Five years ago, a man died during the Euromaidan revolution in Kiev. Our reporter was standing next to him. Now he wants to know who was shot and for what.
It was a cold Thursday morning, and from the wet of the water cannon the ground on the Maidan had gone mushy. In many places paving stones, which the insurgents had used as projectiles for their catapults. Car tires burned on the barricades. Immediately behind, demonstrators threw Molotov cocktails. And again and again shots were fired. Men who put gas masks or motorcycle helmets over their heads carried injuries through the city center of Kiev, the actually beautiful European capital of Ukraine. Many of them roared with rage, others pleaded in pain. It smelt of burning on this February 20, 2014. And it bang everywhere.
When he lay before me on Institutska Street on the edge of the Maidan, he was 51 years and 117 days old. His yellow scarf had slipped over his face. He did not move anymore. And around him stood men who shouted at him and himself.
Two of them, kneeling beside him, tried to make his heart beat again. One pressed violently with his hands over his chest. The other man pinched his nostrils with his thumb and forefinger and put his mouth on his breath. Five or six times they repeated the attempt to revive. In vain.
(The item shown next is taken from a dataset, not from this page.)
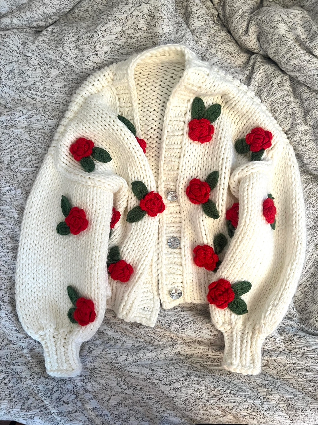 NWOT Chunky Oversized Hand Knitted Cardigan with Roses

How the two paramedics worked him, how he lay there on the ground, how the chaos spread around him: Whoever was never in the war can hardly judge whether this scene was war-like. After about 20 minutes, the two lifted his body on a chipboard. She covered her head with a dirty sweater. So they carried him away to a temporary morgue in St. Michael’s Cathedral, some 700 meters from the Maidan.
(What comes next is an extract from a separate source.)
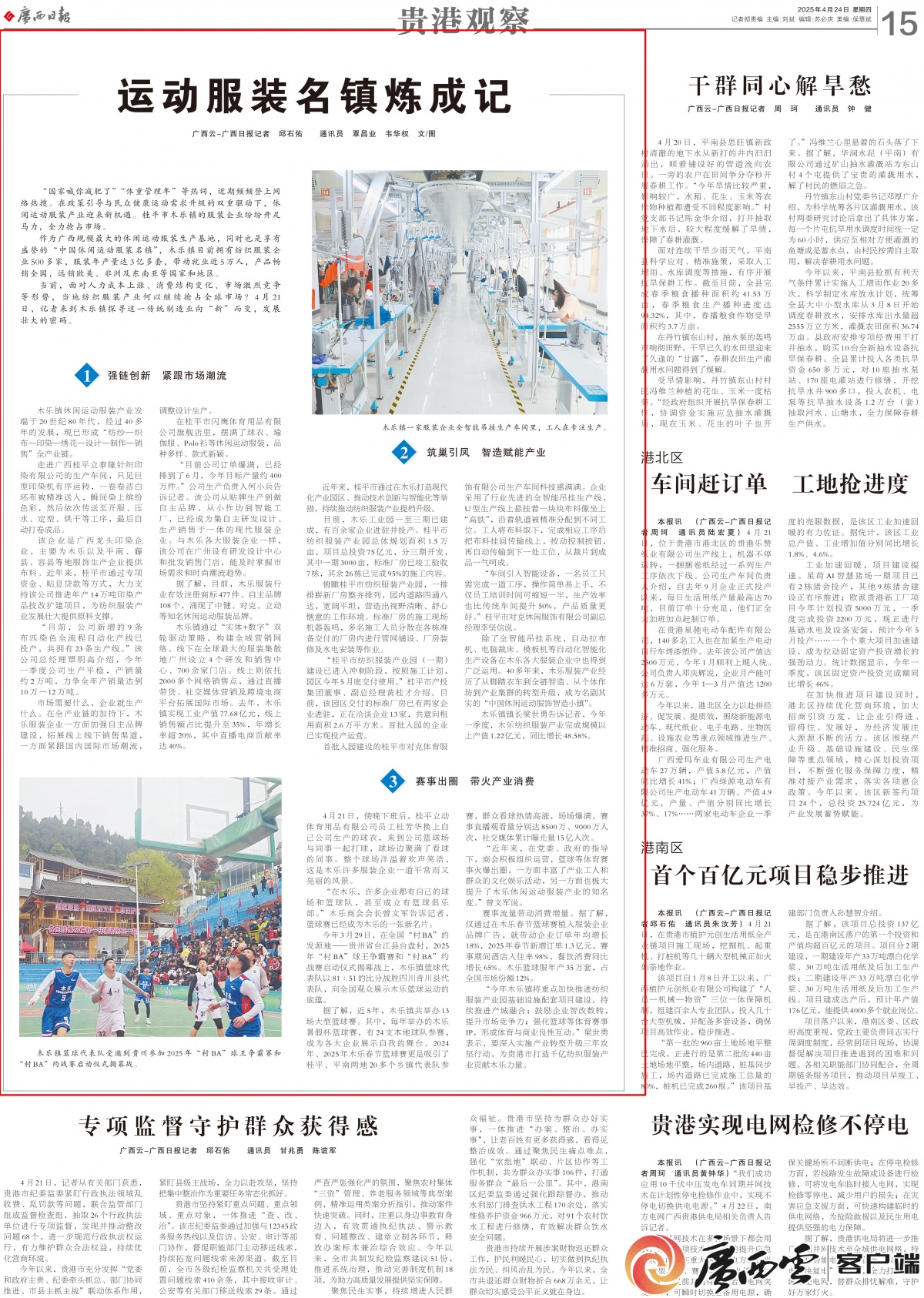 凯发k8com:广西日报贵港头条 年产服装3亿多套!运动服装名镇炼成记

St Michaelskloster is not just any church: giant dome, gilded roofs, bright blue radiant walls. It is necessary to imagine this cathedral, for example, in the summer of 2012, when the final of the European Football Championship was played in Kiev, when tourists were about to take pictures, laugh, and then go to one of the countless Maidan restaurants with friends or family. On the afternoon of February 20, 2014, one corpse lay next to the other. On the left leg of a corpse someone had written a name and date of birth with a green marker: Andrij Saienko, 26.10.1962.
Who is this? And what led him to the Maidan? Five years ago, my search for what made Andrij Stepanovich Saienko’s life began in front of the Leichhalle on Michaelplatz.